Force on the $i$th body due to the $j$th body, and three-body interaction

Question

I am currently studying Classical Mechanics, 5th edition, by Kibble and Berkshire. Chapter 1.2 Newton's Laws says the following:

If we denote the force on the ith body due to the jth body by $\mathbf{F}_{ij}$, then

$$\mathbf{F}_i = \mathbf{F}_{i1} + \mathbf{F}_{i2} + \dots + \mathbf{F}_{iN} = \sum_{j = 1}^N \mathbf{F}_{ij}, \tag{1.2}$$

where of course $\mathbf{F}_{ii} = \mathbf{0}$, since there is no force on the $i$th body due to itself. Note that since the sum on the right side of (1.2) is a vector sum, this equation incorporates the 'parallelogram law' of composition of forces.

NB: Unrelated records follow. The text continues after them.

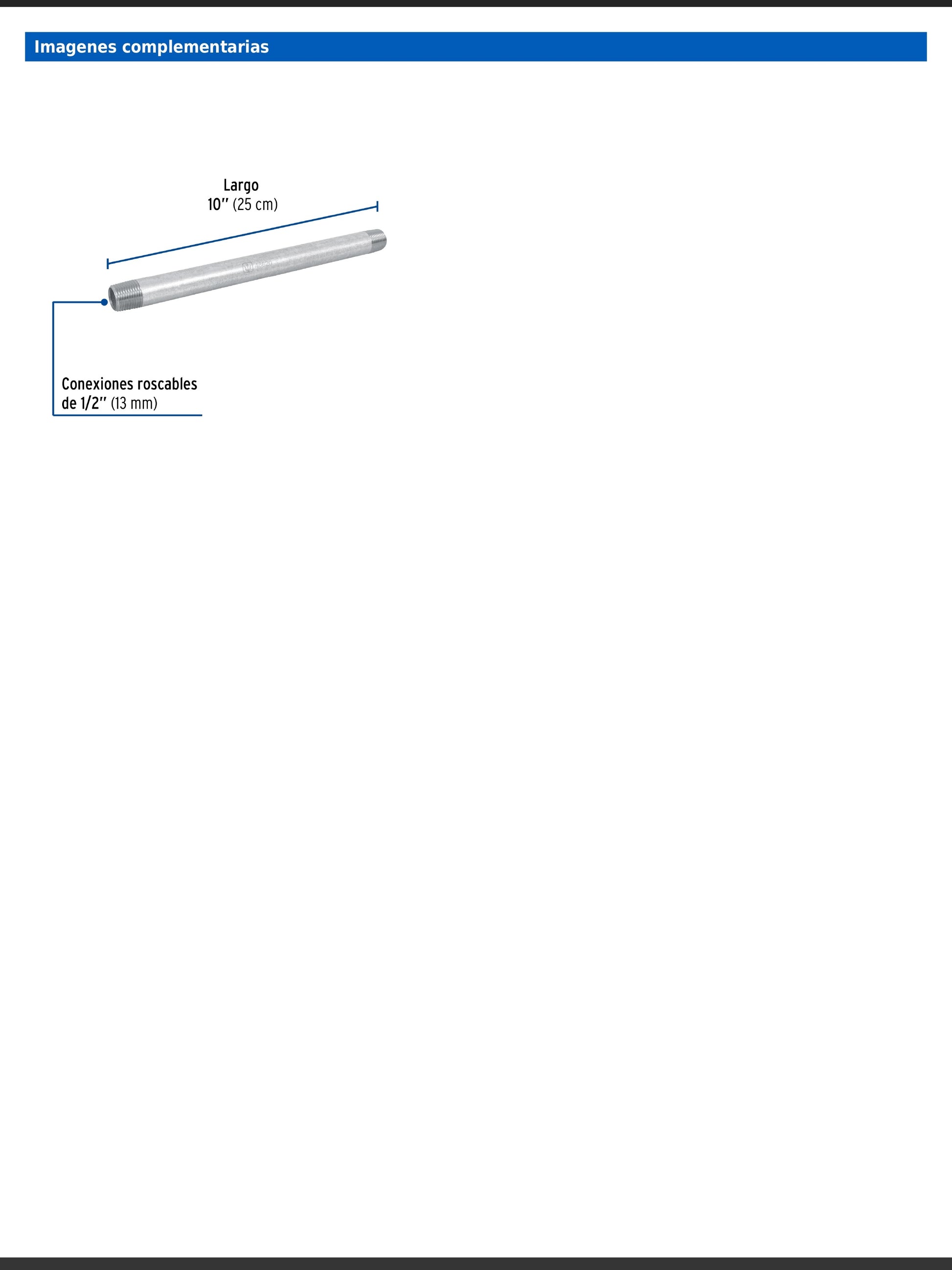 Niple de acero galvanizado de 1/2 pulgada por 10 pulgadas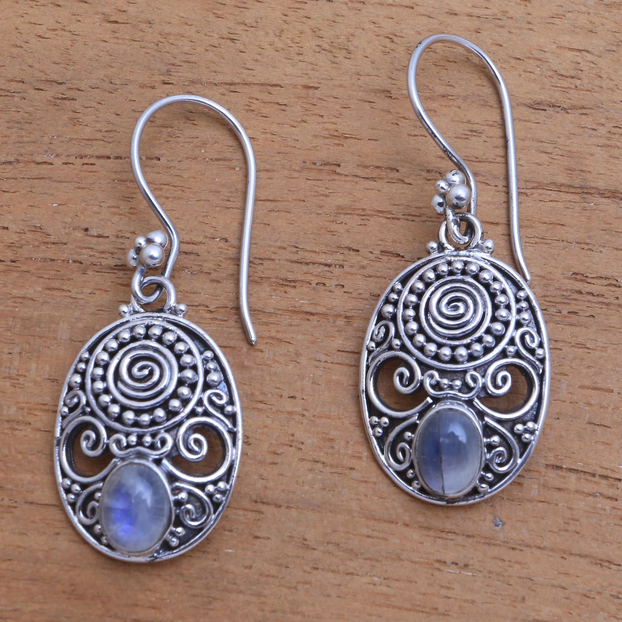 Designed by Balinese artisan Buana, this pair of dangle earrings evokes the supreme beauty of the gods. Each oval earring is handcrafted of sterling silver, featuring a spiral motif at the top that is accentuated by dot and openwork wire motifs. An oval cabochon of rainbow moonstone completes each piece.
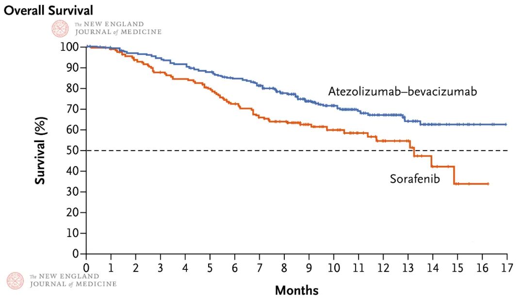 5月14日,《新英格兰医学杂志》(NEJM)发表了一项肝细胞癌的3期临床试验结果[1]。这个研究有关全世界百万人的性命,因为它将改变目前肝细胞癌的一线治疗标准。简言之,这个临床研究的结果表明,与现有的最好药物相比,新疗法能将患者死亡风险降低42%。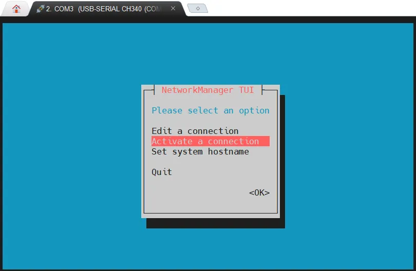 1. Sélectionnez l'option Activate a connection, puis appuyez sur la touche Enter pour accéder au menu suivant

The two-body forces $\mathbf{F}_{ij}$ must satisfy Newton's third law, which asserts that 'action' and 'reaction' are equal and opposite,

$$\mathbf{F}_{ji} = - \mathbf{F}_{ij}. \tag{1.3}$$

Moreover, $\mathbf{F}_{ij}$ is a function of the positions and velocities (and internal structure) of the $i$th and $j$th bodies, but is unaffected by the presence of other bodies. (It can be argued that this is an unnecessarily restrictive assumption. It would be perfectly possible to include also, say, three-body forces, which depend on the positions and velocities of three particles simultaneously. However, within the realm of validity of classical mechanics, no such forces are known, an deter inclusion would be an inessential complication.)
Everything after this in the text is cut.